Have a question about this project? Sign up for a free GitHub account to open an issue and contact its maintainers and the community.

By clicking “Sign up for GitHub”, you agree to our terms of service and privacy statement. We’ll occasionally send you account related emails.

Already on GitHub? Sign in to your account

DIA-NN Phospho search issues #1032

Open
JHKC12 opened this issue Jun 7, 2024 · 12 comments
Open

DIA-NN Phospho search issues #1032

JHKC12 opened this issue Jun 7, 2024 · 12 comments

Comments

@JHKC12
Copy link

JHKC12 commented Jun 7, 2024

Hi there,

I'm trying to run 4x phospho enriched and 4x global samples in DIA-NN (1.8.2 beta 39) but i am not sure if DIA-NN is bugged or if its still searching and taking a long time.

From what i have read in the forums, the workflow for phospho dia in DIA-NN is briefly as follows:

  • input phospho and global raw files

  • add fasta (in this case, mouse)

  • check both boxes under "precursor ion generation" ('FASTA digest for lib free' and 'deep learning based spectra')

  • missed cleavages 1

  • max no. variable mods 3

  • phospho checked

  • precursor charge range 2-4

  • library generation as "IDs, RT and IM profiling"

  • MBR checked

  • other settings as default

  • when this has finished, perform a second DIA-NN search with the spectral library generated with similar settings

However, i am running the first search and the current log for the search is below:
[0:00] Loading FASTA C:\Users\mproteomics\Desktop\Analysis Data\Sequences Databases\uniprot-proteome_UP000000589_MOUSE__55,086 (Dec 2023).fasta
[0:27] Processing FASTA
[4:13] Assembling elution groups
[7:39] 50147387 precursors generated
[7:39] Gene names missing for some isoforms
[7:39] Library contains 54858 proteins, and 22143 genes
[8:56] Encoding peptides for spectra and RTs prediction
[13:04] Predicting spectra and IMs

I have been running this for about 2 days now and i am now sure if this is a DIA-NN bug or if i am doing something wrong

is there a workflow that explains how to perform phospho samples?

thanks in advanced

@vdemichev
Copy link
Owner

What's the amount of RAM in the system? Not enough RAM could be the only reason why it's slow in this case.

@JHKC12
Copy link
Author

JHKC12 commented Jun 11, 2024

Hi Vadim,

we have about 120gb RAM. I am in the process of getting the PC upgraded to more processing power.

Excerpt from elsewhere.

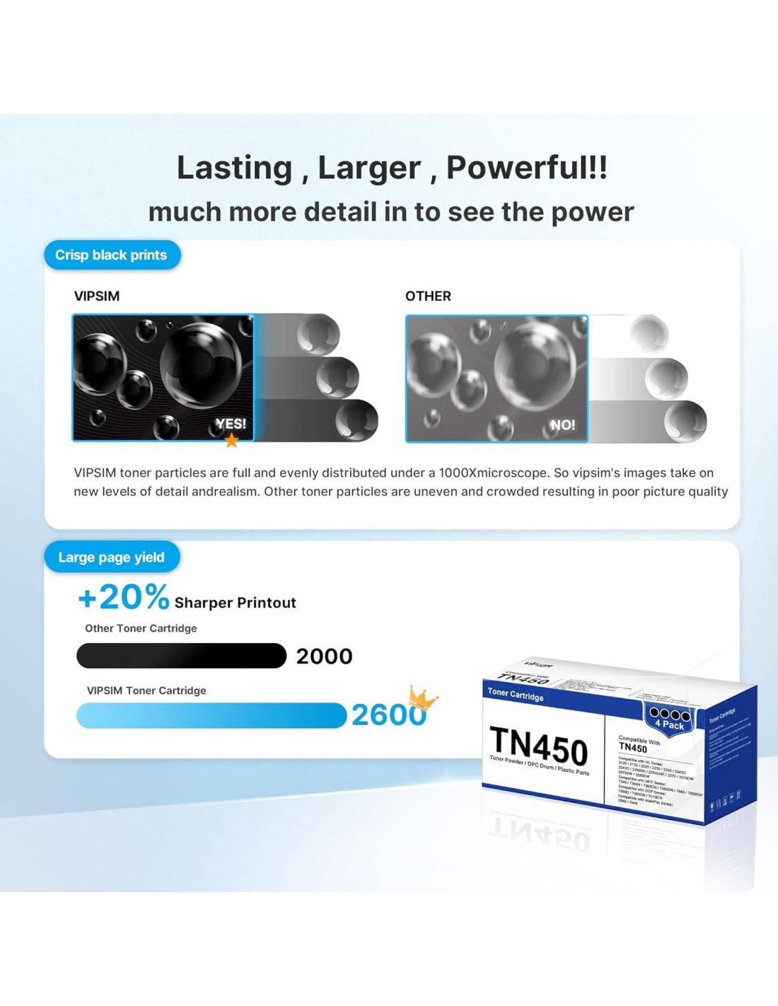 - TN450 Compatible con Impresora: Brother 7060D, 7065D, HL-2130, HL-2132, HL-2220, HL-2230, HL-2240, HL-2240D, HL-2242D, HL-2250DN, HL-2270DW, HL-2275DW, HL-2280DW, Intellifax 2840, Intellifax 2940, 7240, 7360N, 7365DN, 7460DN, 7860DW.

But is the workflow above the correct way to go with phospho DIA?

@vdemichev
Copy link
Owner

We describe exact recommendations for phospho here now:
https://github.com/vdemichev/DiaNN?tab=readme-ov-file#ptms-and-peptidoforms

@JHKC12
Copy link
Author

JHKC12 commented Jun 25, 2024

We describe exact recommendations for phospho here now: https://github.com/vdemichev/DiaNN?tab=readme-ov-file#ptms-and-peptidoforms

Hi Vadim,

we upgraded our PC with higher processing power and also used the latest version of DIA-NN with the settings used as per the recommendations provided (using 'ultrafast' as well). However, the search seems to always be stuck at the step "[16:54] Predicting spectra and IMs".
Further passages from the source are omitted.